**Problem description:**
Restate the data word for word. Leave the pictures out.

**Input data:**

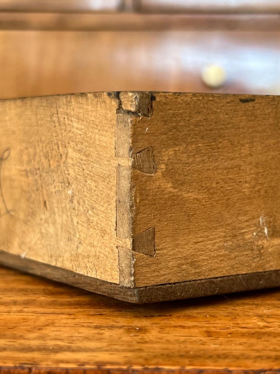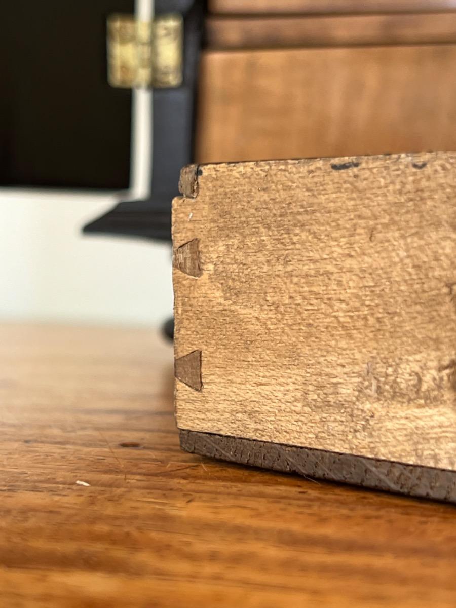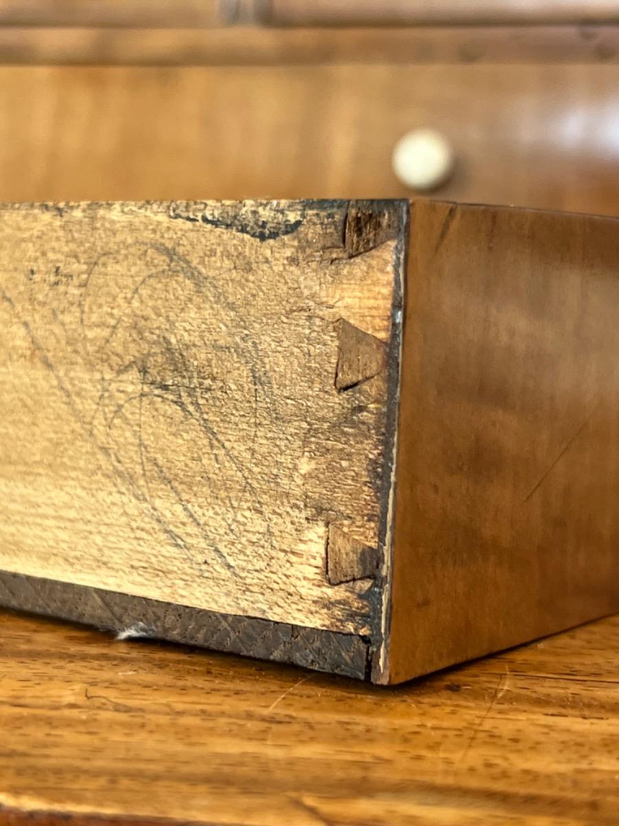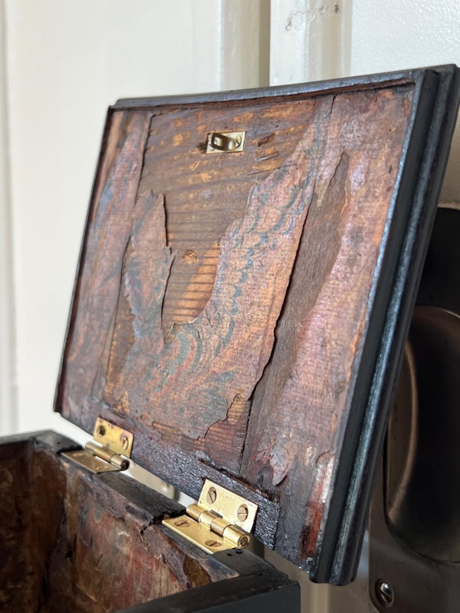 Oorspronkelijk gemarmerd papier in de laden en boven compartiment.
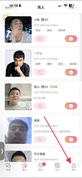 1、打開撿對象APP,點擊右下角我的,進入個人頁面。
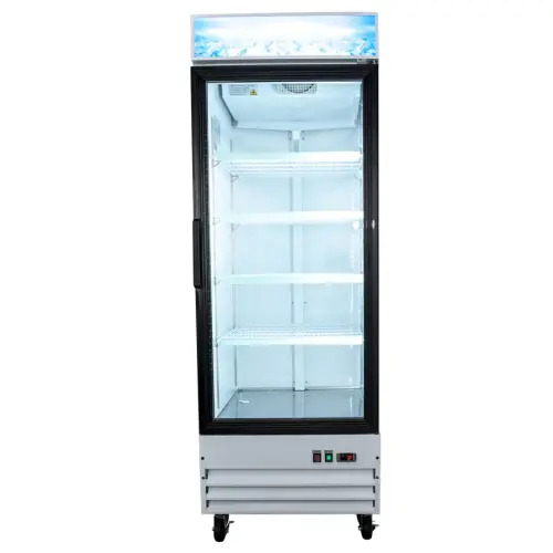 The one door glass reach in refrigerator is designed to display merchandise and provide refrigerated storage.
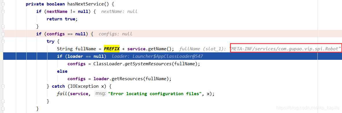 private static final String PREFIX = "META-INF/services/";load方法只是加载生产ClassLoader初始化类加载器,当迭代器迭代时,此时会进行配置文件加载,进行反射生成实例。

**Solution:**
 Oorspronkelijk gemarmerd papier in de laden en boven compartiment.
 1、打開撿對象APP,點擊右下角我的,進入個人頁面。
 The one door glass reach in refrigerator is designed to display merchandise and provide refrigerated storage.
 private static final String PREFIX = "META-INF/services/";load方法只是加载生产ClassLoader初始化类加载器,当迭代器迭代时,此时会进行配置文件加载,进行反射生成实例。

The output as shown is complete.